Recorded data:
----
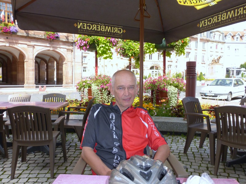 Later komen we in Badonviller een jongeman uit Hilversum tegen, die dezalfde route als wij fietst, maar dan van Zwitserland terug naar Nieuwpoort in België. Naar Raon-l’Etape gaan we door een bos langs Lac Pierre-Percée. In deze stad komen we bij van een fikse afdaling naar deze stad. Op het terras van het café staan grote zonneschermen van Grimbergen Abdijbier.
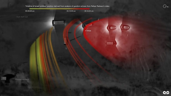 Refaat Radwan, un employé de la PRCS qui se trouvait dans l’une des ambulances, a commencé à filmer avec son téléphone pendant qu’ils se rendaient sur les lieux. Ses vidéos récupérées ainsi que les enregistrements des appels téléphoniques passés par deux autres secouristes présents sur les lieux au centre de dispatching de la PRCS ont fourni des preuves cruciales du massacre. L’analyse des enregistrements par Forensic Architecture et Earshot a corroboré les témoignages oculaires sur les positions et les mouvements des soldats israéliens tout au long de l’attaque.
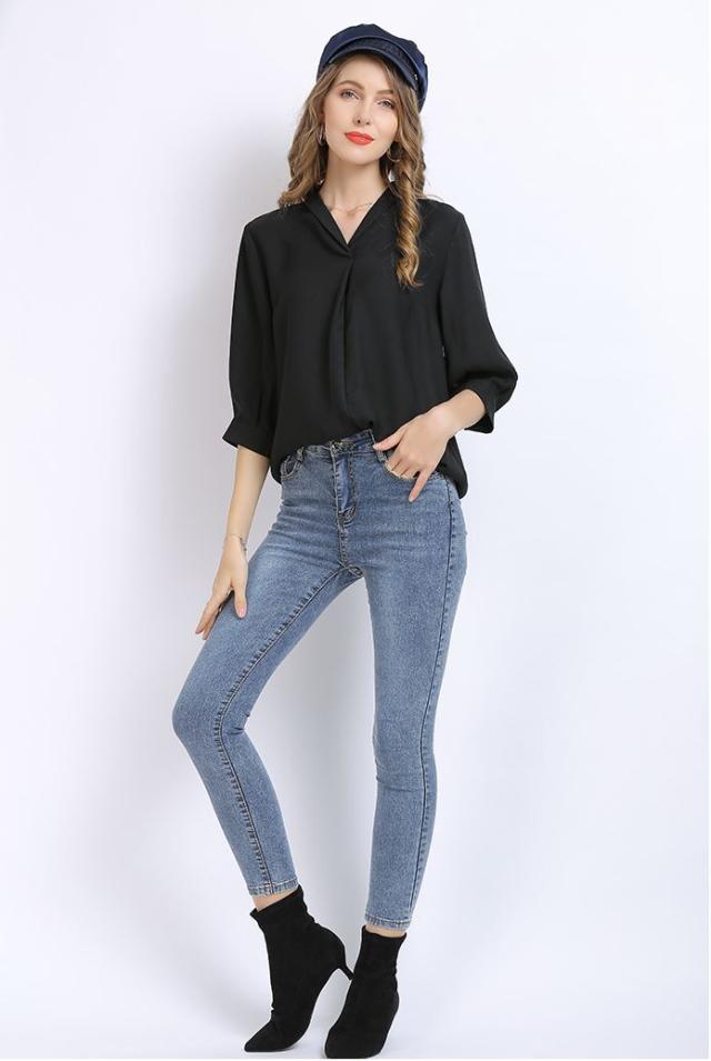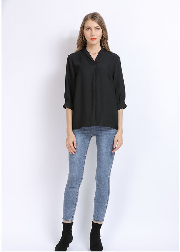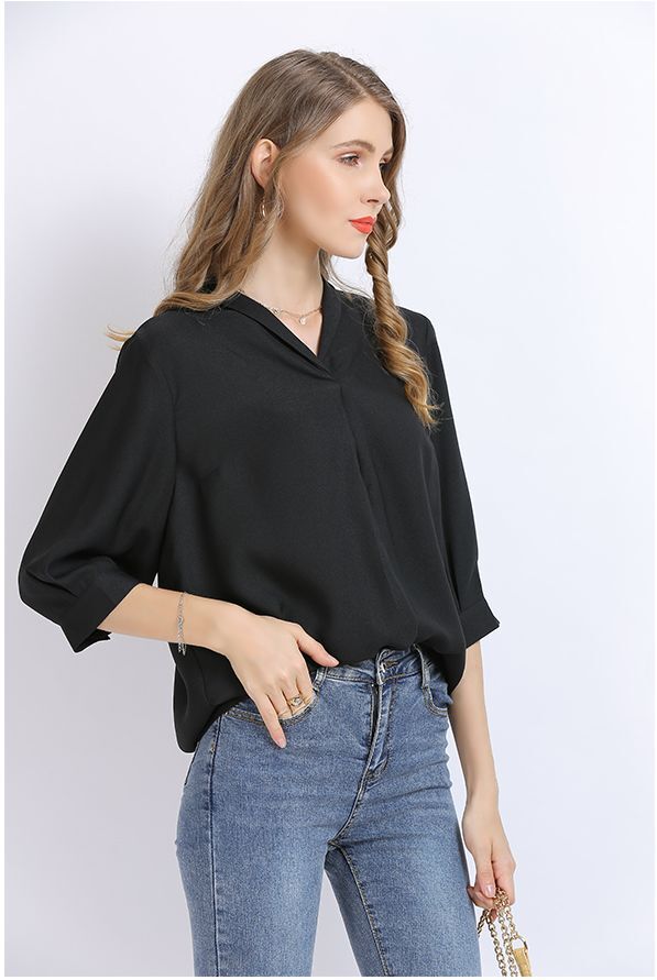レディースブラウス 七分袖 無地 Vネック シフォン プルオーバー シャツ トップス 春 秋 大人可愛い シンプル カジュアルコーデ 大人女子 おしゃれ お洒落 ラフ ルーズ モード系 フォーマル とろみ感 通勤 オフィスカジュアル OL 通学 学生 大学生 キャンパスコーデ おうちコーデ おうち時間 休日 お出かけ 旅行 散歩 デート 女子会 着回し 普段使い 大きめサイズ プラスサイズ カラー ブラック サイズ展開 S M L XL 2XL 3XL 4XL
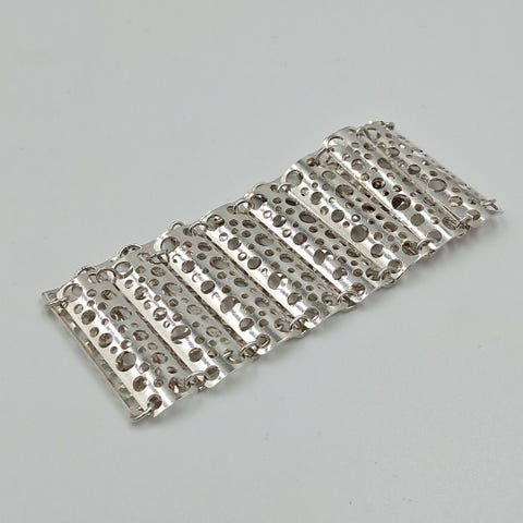 Myydään upea ja keräilty Liisa Vitalin suunnittelema Gardenia-rannekoru. Tämä orgaanisen muotoilun klassikko on valmistettu Kultakeskuksella vuonna 1974, ja se on säilyttänyt arvonsa ja suosionsa vuosikymmenten halki.
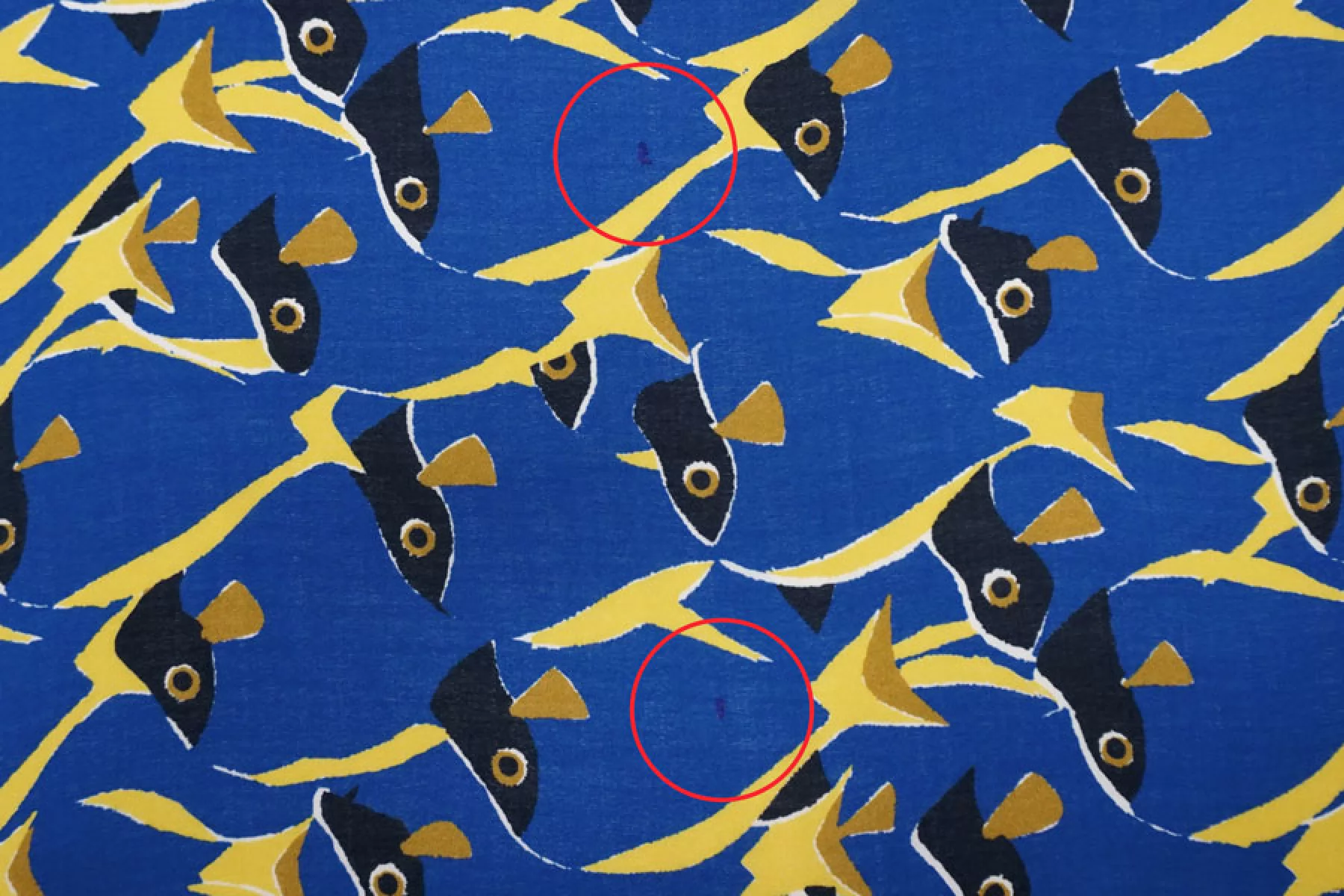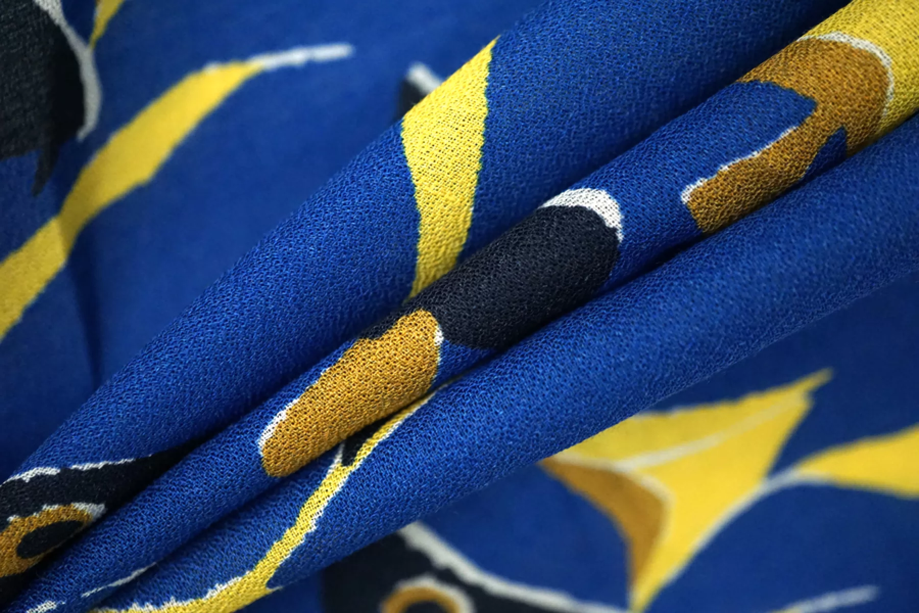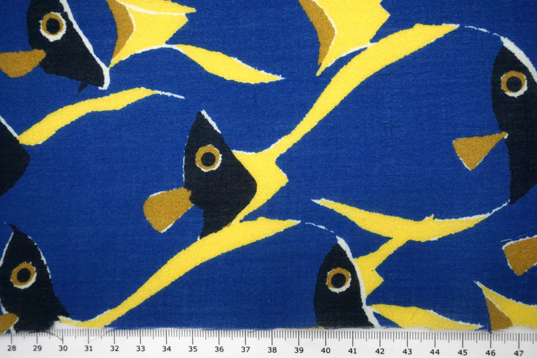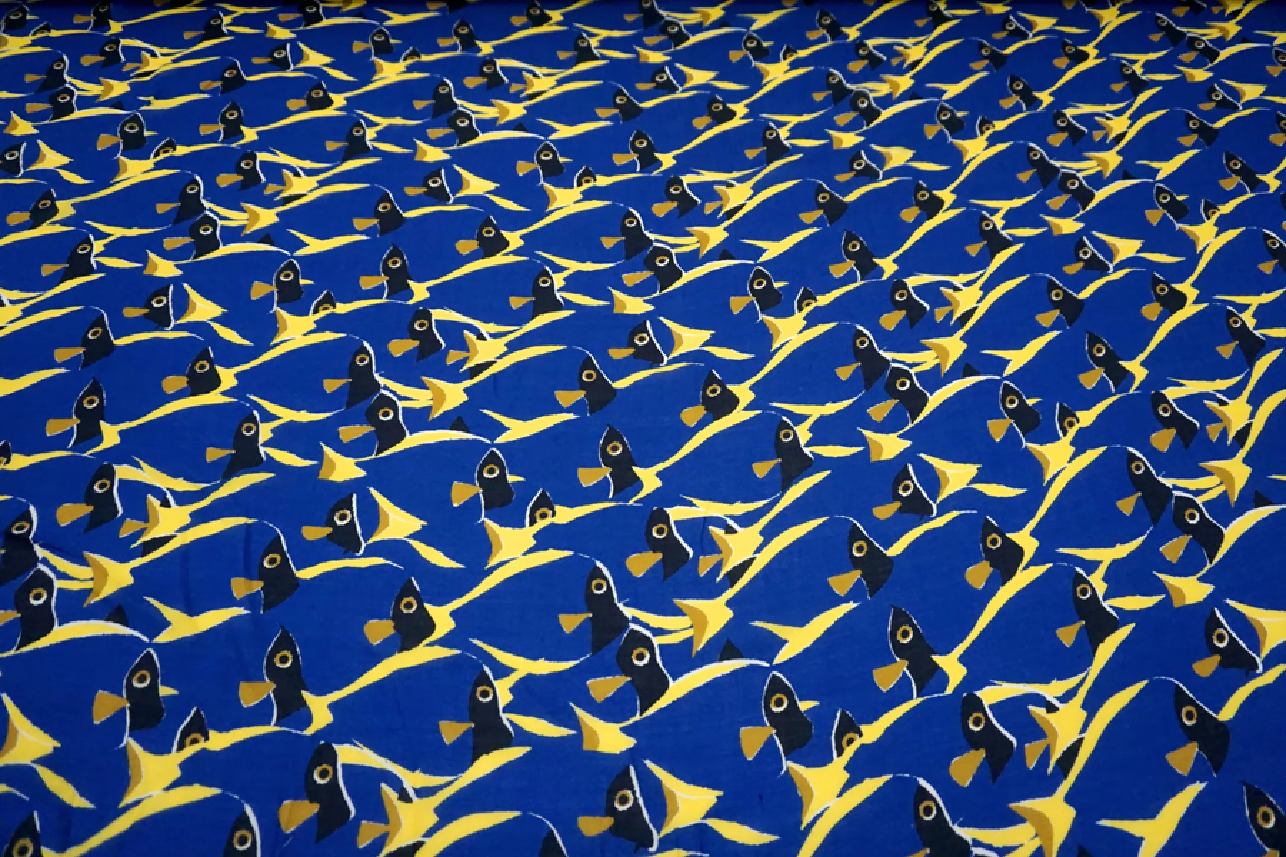 ВНИМАНИЕ!! На синем фоне изредка встречаются темно-синие точки. Итальянский вискозный креп-шифон с принтом - синие рыбы с желтыми плавниками. Просвечивает, пластичный, легкий, тактильно сухой, немного тянется благодаря плетению. Подойдет для пошива блузки, туники, платья, юбки (на подкладе или многослойной). ВНИМАНИЕ! На синем фоне изредка встречаются темно-синие точки.
----
Task to complete: Quote exactly, and nothing besides, the lines from the one with "Refaat Radwan, un" through the end of the records above; include both ends and omit the pictures.

Written reply:
 Refaat Radwan, un employé de la PRCS qui se trouvait dans l’une des ambulances, a commencé à filmer avec son téléphone pendant qu’ils se rendaient sur les lieux. Ses vidéos récupérées ainsi que les enregistrements des appels téléphoniques passés par deux autres secouristes présents sur les lieux au centre de dispatching de la PRCS ont fourni des preuves cruciales du massacre. L’analyse des enregistrements par Forensic Architecture et Earshot a corroboré les témoignages oculaires sur les positions et les mouvements des soldats israéliens tout au long de l’attaque.
レディースブラウス 七分袖 無地 Vネック シフォン プルオーバー シャツ トップス 春 秋 大人可愛い シンプル カジュアルコーデ 大人女子 おしゃれ お洒落 ラフ ルーズ モード系 フォーマル とろみ感 通勤 オフィスカジュアル OL 通学 学生 大学生 キャンパスコーデ おうちコーデ おうち時間 休日 お出かけ 旅行 散歩 デート 女子会 着回し 普段使い 大きめサイズ プラスサイズ カラー ブラック サイズ展開 S M L XL 2XL 3XL 4XL
 Myydään upea ja keräilty Liisa Vitalin suunnittelema Gardenia-rannekoru. Tämä orgaanisen muotoilun klassikko on valmistettu Kultakeskuksella vuonna 1974, ja se on säilyttänyt arvonsa ja suosionsa vuosikymmenten halki.
 ВНИМАНИЕ!! На синем фоне изредка встречаются темно-синие точки. Итальянский вискозный креп-шифон с принтом - синие рыбы с желтыми плавниками. Просвечивает, пластичный, легкий, тактильно сухой, немного тянется благодаря плетению. Подойдет для пошива блузки, туники, платья, юбки (на подкладе или многослойной). ВНИМАНИЕ! На синем фоне изредка встречаются темно-синие точки.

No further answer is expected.